Last post, I talked about combining textual and network analysis. Both are becoming standard tools in the methodological toolkit of the digital humanist, sitting next to GIS in what seems to be becoming the Big Three in computational humanities.
Data as Context, Data as Contextualized
Humanists are starkly aware that no particular aspect of a subject sits in a vacuum; context is key. A network on its own is a set of meaningless relationships without a knowledge of what travels through and across it, what entities make it up, and how that network interacts with the larger world. The network must be contextualized by the content. Conversely, the networks in which people and processes are situated deeply affect those entities: medium shapes message and topology shapes influence. The content must be contextualized by the network.
At the risk of the iPhonification of methodologies 1, textual, network, and geographic analysis may be combined with each other and traditional humanities research so that they might all inform one another.
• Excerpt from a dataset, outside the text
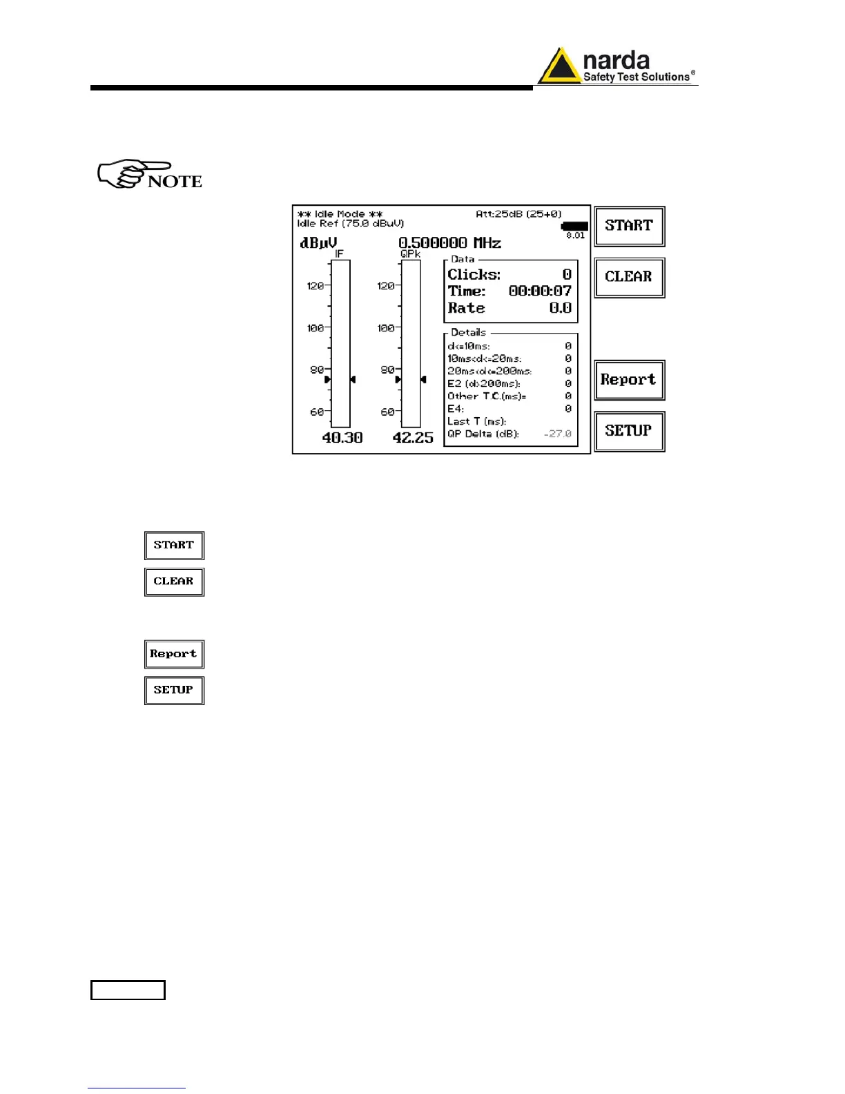 • Clear: cancel and reset all data to start an idle test;

That last post on textual and network analysis was missing one key component for digital humanities: the humanities. Combining textual and network analysis with traditional humanities research (rather than merely using the humanities to inform text and network analysis, or vice-versa) promises to transform the sorts of questions asked and projects undertaken in Academia at large.
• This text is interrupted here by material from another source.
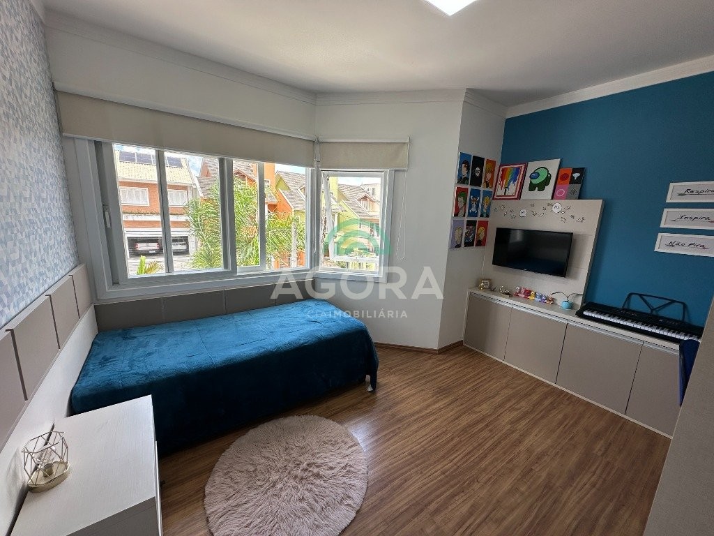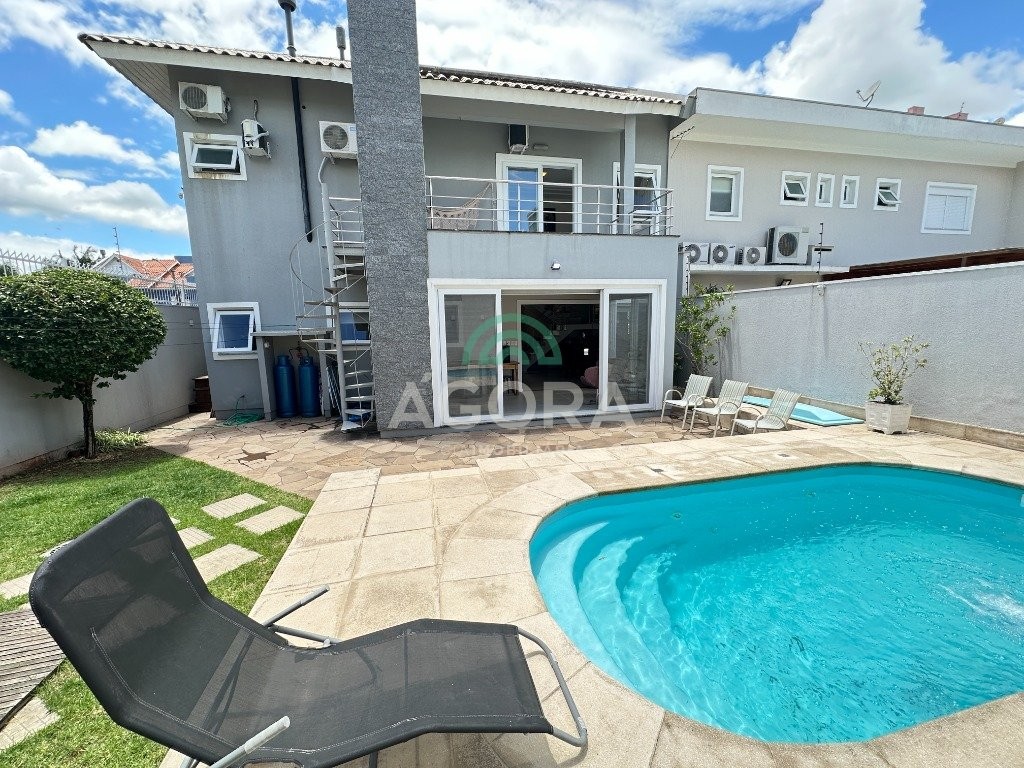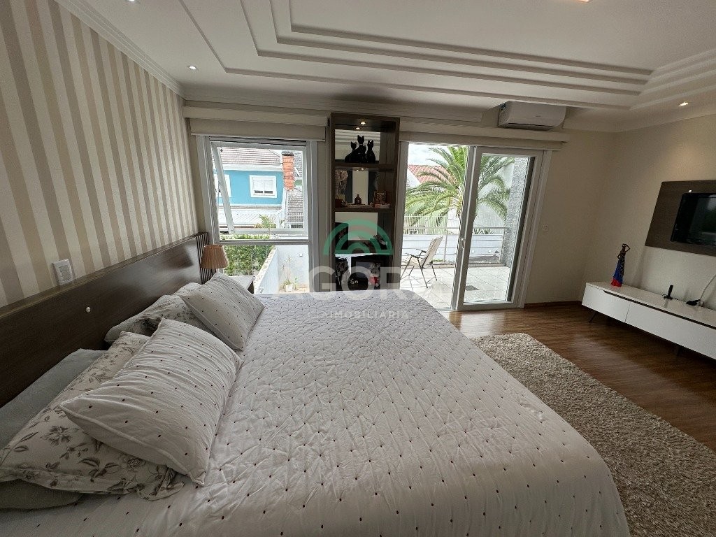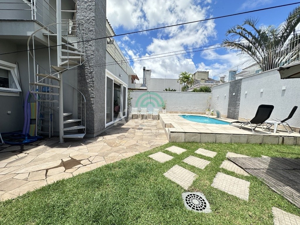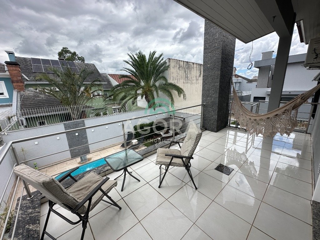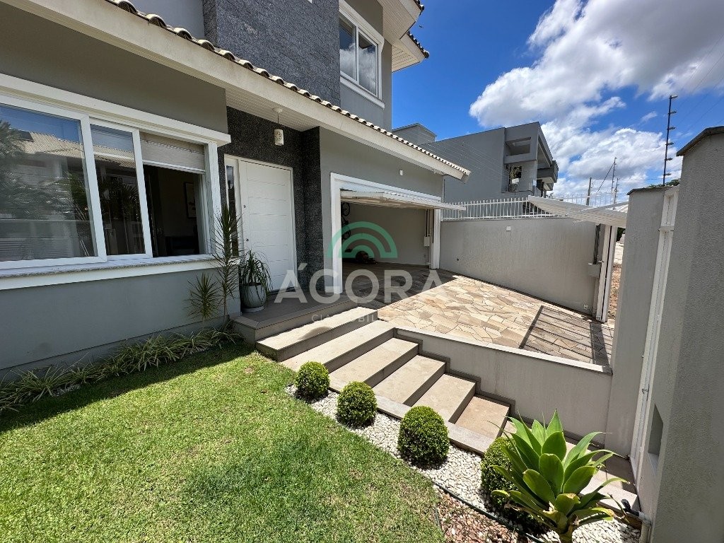 Sobrado de 220 m² privativos, com 4 (quatro) dormitórios, sendo 1 (uma) suíte ampla com closet e hidromassagem, banheiro social, amplo living para 2 (dois) ambientes com lareira, lavabo, cozinha mobiliada, lavanderia, sótão com lavabo, gabinete, aberturas em pvc, água quente, 2 (dois) aquecedores à gás sendo 1 (um) para a suíte, vagas para 4 (quatro) carros, laminado no piso superior e porcelanato no piso inferior. Ficarão todos os móveis planejados. Aquecimento solar localização privilegiada, próximo ao park canoas shopping, parque capão do corvo e comércios. Aceita dação e financiamento.

Just as networks can be used to contextualize text (and vice-versa), the same can be said of networks and maps (or texts and maps for that matter, or all three, but I’ll leave those for later posts). Now, instead of starting with the maps we all know and love, we’ll start by jumping into the deep end by discussing maps as any sort of representative landscape in which a network can be situated. In fact, I’m going to start off by using the network as a map against which certain relational properties can be overlaid. That is, I’m starting by using a map to contextualize a network, rather than the more intuitive other way around.
Using Maps to Contextualize a Network
The base map we’re discussing here is a map of science. They’ve made their rounds, so you’ve probably seen one, but just in case you haven’t here’s a brief description: some researchers (in this case Kevin Boyack and Richard Klavans) take tons on information from scholarly databases (in this case the Science Citation Index Expanded and the Social Science Citation Index) and create a network diagram from some set of metrics (in this case, citation similarity). They call this network representation a Map of Science.
We can debate about the merits of these maps ’till we’re blue in the face, but let’s avoid that for now. To my mind, the maps are useful, interesting, and incomplete, and the map-makers are generally well-aware of their deficiencies. The point here is that it is a map: a landscape against which one can situate oneself, and with which one may be able to find paths and understand the lay of the land.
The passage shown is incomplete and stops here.